Zack's Kernel News

Zack's Kernel News

Article from Issue 275/2023
Author(s):

In kernel news: Heap Hardening Against Hostile Spraying; and Core Contention Improvements … or Not.

Heap Hardening Against Hostile Spraying

Ruiqi Gong wanted to address the generic security threat of "heap spraying" in the Linux kernel. Heap spraying is when an attacker knows the memory address of a critical part of the system and makes a large number of malloc() calls trying to allocate memory at that specific address. In the event of certain types of kernel bugs, one of those malloc() calls might succeed, giving the attacker the ability to overwrite the critical part of the system with their own malicious code. Heap spraying is not a security vulnerability in itself, because user software could legitimately want to issue many malloc() calls. Rather, heap spraying is a way to exploit other bugs that may exist in the kernel.

Because heap spraying itself is not a bug or vulnerability, it poses a fascinating problem in terms of how best to reduce the ability of attackers to make use of it. For example, Ruiqi pointed out that slab caches can be shared among different subsystems and modules. A slab cache is a region of memory allocated all at once on the grounds that the calling routine knows it will need that much memory eventually.

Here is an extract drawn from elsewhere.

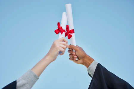 Theres no limit what we can achieve. Closeup shot of two unrecognisable graduates celebrating with their diplomas on graduation day.

Slab caches are more efficient than doing a bunch of piecemeal allocations as-needed, but they also present a visible target for heap spraying attacks. At the same time, as Ruiqi said, it wouldn't be realistic to disable slab caching in the kernel, because that feature is in wide use by user software, all of which would need to be rewritten and would suffer a significant performance penalty.

Ruiqi posted a patch, proposing the following mitigating approach. He said, "to efficiently prevent heap spraying, we propose the following approach: to create multiple copies of generic slab caches that will never be merged, and random one of them will be used at allocation. The random selection is based on the address of code that calls 'kmalloc()', which means it is static at runtime (rather than dynamically determined at each time of allocation, which could be bypassed by repeatedly spraying in brute force). In this way, the vulnerable object and memory allocated in other subsystems and modules will (most probably) be on different slab caches, which prevents the object from being sprayed."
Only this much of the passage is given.